Scheitert die deutsche Energiewende an der FDP? Oder sorgt die Partei für die dafür notwendigen Innovationen? FDP-Fraktionschef Christian Dürr versuchte bei "Markus Lanz" den Kurs seiner Partei zu erklären und wurde dabei vor allem vom ZDF-Moderator scharf kritisiert.
Der Abwärtstrend scheint für die FDP nicht zu stoppen zu sein.
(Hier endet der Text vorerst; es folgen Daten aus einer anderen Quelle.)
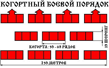 Со временем третью линию легиона стали использовать как резерв, решавший судьбу сражения. Но если полководец неправильно определял решающий момент боя, легион ждала гибель. Поэтому со временем римляне перешли к когортному строю легиона. Каждая когорта насчитывала 500-600 человек и с приданным конным отрядом, действуя отдельно, представляла собой легион в миниатюре.
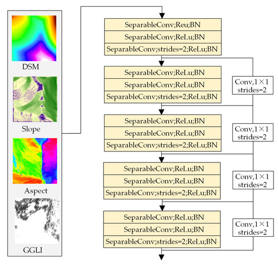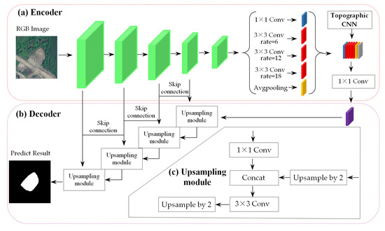 In this study, multilevel skip connection architecture with an upsampling operation was designed to retain the boundary information at all levels as much as possible to address the aforementioned problem of DeepLabv3+ for landslide extraction. The architecture of improved DeepLabv3+ is given in Figure 3. Similar to DeepLabv3+, the improved model consisted of an encoder (Figure 3a) and decoder (Figure 3b), and the convolutional operation for landslide feature extraction for RGB images was consistent with DeepLabv3+. Unlike original DeepLabV3+, an architecture of topographic feature extraction, namely the topographic CNN shown in Figure 4, was inserted into the encoder to concatenate topographic features together with spectral features. Subsequently, low- and high-level features were concatenated through the upsampling module shown in Figure 3c to effectively obtain the contextual information, and it helped to transmit the detailed landslide features from lower to higher layers. Therefore, the spatial information of the landslide weakened by the pooling operation could be better restored, and the clear boundary contour of the landslide may have been delineated after the decoding operation in the final prediction.
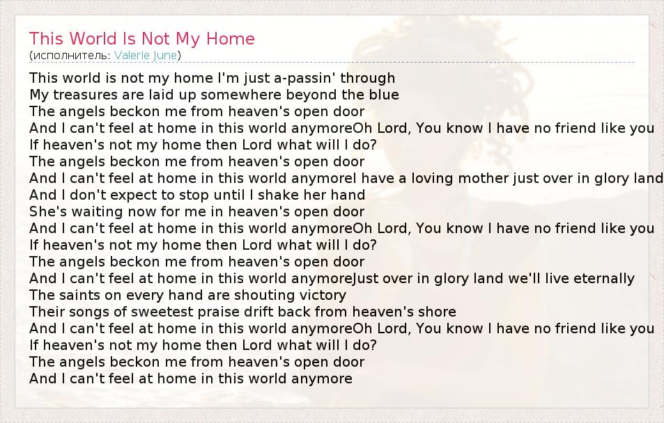 А как ты думаешь, о чем песня "This World Is Not My Home" ?
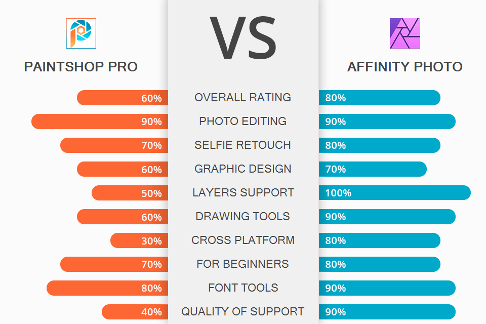 أثناء مقارنة PaintShop Pro مقابل Affinity Photo من أجل تحديد الخيار الأفضل لاحتياجات معينة ، من المهم الانتباه إلى ميزات كل برنامج. يحتوي كلا المنتجين على مجموعة جيدة من الأدوات لإنشاء مشاريع التصميم الجرافيكي ، وتحرير الصور ، وإضافة تأثيرات مختلفة إلى الصور.
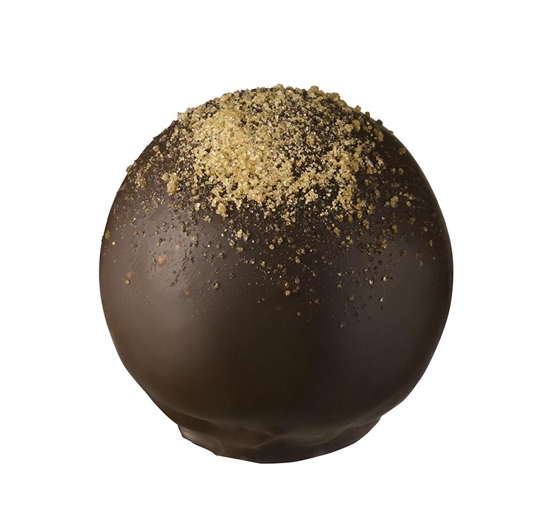 ▼「黑糖」細膩絲滑的黑糖巧克力醬配搭醇香的黑巧克力,外層上點綴著少許金黃色的黃糖。
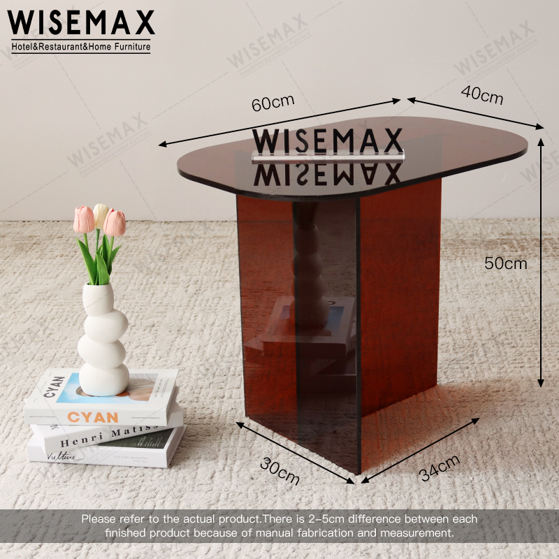 The coffee table is made of acrylic material, which is sturdy and wear-resistant.The tabletop of the coffee table is oval-shaped, simple and stylish.

Nachdem die Wahlen in Berlin der Partei erneut ein verheerendes Ergebnis einbrachten, steht die Partei unter Druck und geht bei Fragen zur Energiewende, Klimapolitik oder der Zukunft der Autos auf Konfrontationkurs mit den Partnern in der Ampelkoalition.
Bei "
Das ist das Thema bei "Markus Lanz"
Bei den Landtagswahlen erlitt die FDP zuletzt eine Serie von Niederlagen und muss sich fragen, wie sie für Wähler wieder attraktiv wird. Im Gespräch mit Markus Lanz stellte sich FDP-Fraktionschef Christian Dürr daher einigen unangenehmen Fragen und geriet vor allem beim Thema Energiewende und Klimapolitik in ein leidenschaftliches Wortgefecht mit dem ZDF-Moderator.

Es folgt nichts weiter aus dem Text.